Text(0.5, 1.0, 'Variation of NRMSE with order')

From the above graph, order = 4 gives least nrmse. Below block of code fits polynomial of order 4 to data and plots it. Feel free to change the order and see what happens to the fit.

order = 4 # order of the polynomial

w = fit_polynomial(x, y, order, print_weight=False) # Get the weight

x_test = np.linspace(xlower, xupper, 100) # Test input values

y_pred = predict(x_test, w) # Prediction

# Plotting the predicted values and data
plt.scatter(x, y, c="b")
plt.plot(x_test, y_pred, "k")
plt.xlim((xlower, xupper))
plt.xlabel("x", fontsize=14)
plt.ylabel("y", fontsize=14)
plt.title("Fitting polynomial (order = {}) to data".format(order), fontsize=15)
plt.grid()

General 2nd order Polynomial

As explained in the lecture, general 2nd order polynomial consists of linear terms, mixed terms and 2nd order terms in the basis set.

\[ \text{Basis set: } \{ 1, x_1, x_2, ..., x_m, x_1x_2, ..., x_{m-1}x_m, x_1^2, x_2^2, ..., x_m^2 \} \]

where \(m\) is the number of dimensions (or equal to the number of columns in your training data). Fitting a 2nd order polynomial will be demonstrated using rosenbrock function, given by:

\[ f(x_1,x_2) = (1-x_1)^2 + 100(x_2-x_1^2)^2 \]

Since there are only two variables, following will be the basis function vector:

\[ \pmb{\psi} = [1 \quad x_1 \quad x_2 \quad x_1x_2 \quad x_1^2 \quad x_2^2 ]^T \]

NOTE: There is no cross-validation here since basis function vector is fixed.

smt provides implementation for fitting a general 2nd order polynomial.

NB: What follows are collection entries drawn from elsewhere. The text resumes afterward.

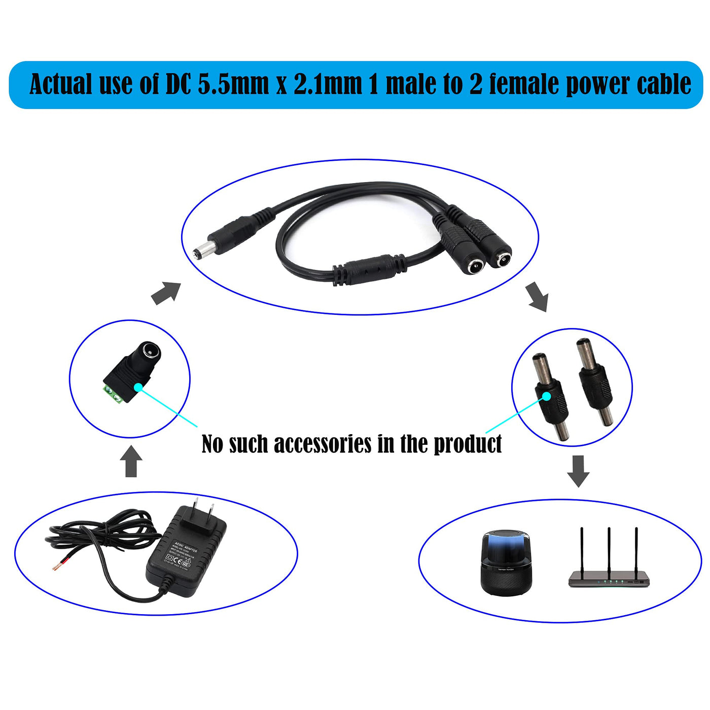 Connector 1: 2 Female Head Connector 2: 1 Male Head Dc Y Splitter Cable Uses One Power Adapter To Power Two Cameraslight Strips,Which Is Convenient And Cost-Effective(Note:Cable Will Only Work With Power Adapter With 55Mm X 21Mm Plug) Description: Widely Used In Surveillance Cameras, Especially For For Home Security Camera Surveillance System, And Other Low-Voltage Dc Electrical Equipment,Carcctv Equipment Specifications: Voltage: 12-24V Power: =60W Wire Gauge: 24Awg Color: Black Cable Length: 30Cm Package: 2Pcs X Dc Y Splitter Cable
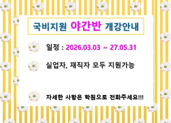 2026년 국비지원 야간반 모집안내입니다. 자세한 사항은 공지사항을 참고하세요!!!
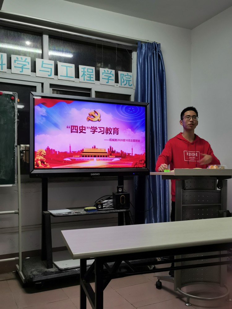 (通讯员 李宗明 姚璋懿 王铭硕)为切实加强“四史”学习教育,在校园文化中弘扬“红色主旋律”,10月27日晚,TapTap机械类2020班在韵苑14栋员工活动室举行了“四史”学习主题班会。2020班教师班主任李箐参与班会并作讲话。
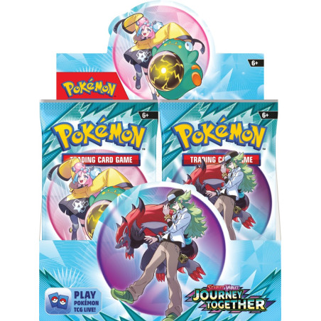 A booster pack is a pack of random cards that will allow you to strengthen your team. Scarlet & Violet - Journey Together is the perfect way to expand your card collection. Each booster pack offers the chance to earn rare ex-Pokémon cards that will add power and unique character to your team.
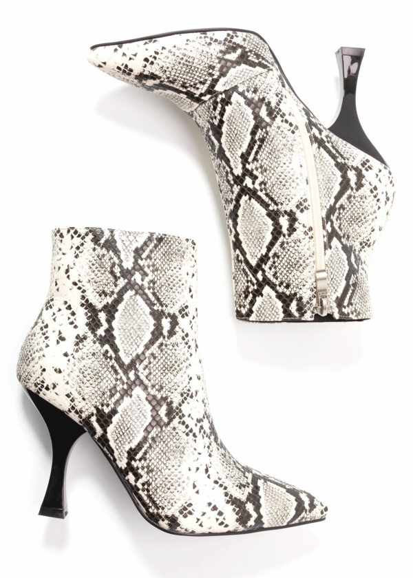 Bout de la chaussure Pointu. Talon Forme Entonnoir. Fermeture éclair. Imitation cuir haute-qualité. Motif Imprimé animal.
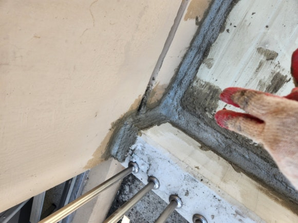 렉산과 아파트 외벽이 만나는 부위들도 방수액섞은 몰탈로 1차방수작업 했습니다.
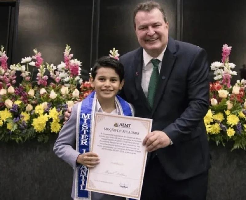 O talento e o protagonismo do jovem Miguel Dobbins, de apenas 10 anos, foram reconhecidos oficialmente pela Assembleia Legislativa de Mato Grosso (ALMT). Detentor do título de Mister Infantil Mato Grosso 2026, Miguel recebeu uma moção de aplausos das mãos do presidente da Casa, deputado Max Russi (PSB), durante sessão especial realizada nesta quarta-feira (17), no Plenário das Deliberações Deputado Renê Barbour.

Below block of code defines rosenbrock function and generates training data.

def rosenbrock(x):
    """      
        Parameters:
        -----------
        x : 1d numpy array
            Input data
            
        Returns:
        --------
        y : 1d numpy array
            Output data
    """
    
    innersum = np.zeros((x.shape[0], x.shape[1]-1))

    innersum = 100*(x[:,1:] - x[:,:-1]**2)**2 + (x[:,:-1] - 1)**2

    y = np.sum(innersum, axis=1, keepdims=True)
    
    return y

# Generate training data
sampler = LHS(xlimits=np.array([[-2, 2], [-1, 3]]), criterion="ese", random_state=random_state)
num_samples = 20
xt = sampler(num_samples)
yt = rosenbrock(xt).reshape(-1,1)

Below block of code fits a 2nd order polynomial to the data and plots the prediction.

# Initialize the class
sm = QP(print_global=False)

# Set the training values
sm.set_training_values(xt, yt)

# Fit the training data
sm.train()

print("Weights: {}\n".format(sm.coef[:,0]))

# Predict values
yt_pred = sm.predict_values(xt)

print("Normalized RMSE for the fit: {}".format( np.sqrt(mean_squared_error(yt, yt_pred)) / np.ptp(yt)) )

########### Plotting the fit

# input for plotting
x1 = np.linspace(-2, 2, 20)
x2 = np.linspace(-1, 3, 20)

# Creating mesh grid for contour plot
X, Y = np.meshgrid(x1, x2)

# Creating input x for prediction
x = np.hstack(( X.reshape(-1,1), Y.reshape(-1,1) ))

# Output
Z = rosenbrock(x)
Z_pred = sm.predict_values(x)

# Reshaping for contourf
Z = Z.reshape(X.shape)
Z_pred = Z_pred.reshape(X.shape)

# Contour levels are evaluated in logscale since the difference
# between minimum and maximum value of function is large.
noOfLevels = 30
levels = np.logspace(np.log10(Z.min()), np.log10(Z.max()), noOfLevels, base = 10)
norm = colors.LogNorm(vmin = Z.min(), vmax = Z.max())

# Plotting the contour
fig, ax = plt.subplots(1, 2, figsize=(14, 6))
cm = ax[0].contourf(X, Y, Z,levels=levels, norm=norm)
ax[0].scatter(xt[:,0], xt[:,1], c='r', label="Training data")
ax[0].set_xlabel("$x_1$", fontsize=14)
ax[0].set_ylabel("$x_2$", fontsize=14)
ax[0].set_title("True", fontsize=15)

ax[1].contourf(X, Y, Z_pred,levels=levels, norm=norm)
ax[1].scatter(xt[:,0], xt[:,1], c='r', label="Training data")
ax[1].set_xlabel("$x_1$", fontsize=14)
ax[1].set_ylabel("$x_2$", fontsize=14)
ax[1].set_title("Prediction", fontsize=15)

fig.subplots_adjust(bottom=0.2)
cbar_ax = fig.add_axes([0.15, 0.05, 0.7, 0.04])
fig.colorbar(cm, format='%.2f', cax=cbar_ax, orientation='horizontal')

Weights: [-0.77207299  0.20271153 -0.05337553  0.36981385  0.42940308 -0.16516883]

Normalized RMSE for the fit: 0.20290832418225072

<matplotlib.colorbar.Colorbar at 0x7fb71063abd0>

As can be in seen above plots, a general 2nd order polynomial is not able to capture the rosenbrock function since it is 4th order. If we add higher order polynomials into basis function vector, it will be able to capture the rosenbrock function.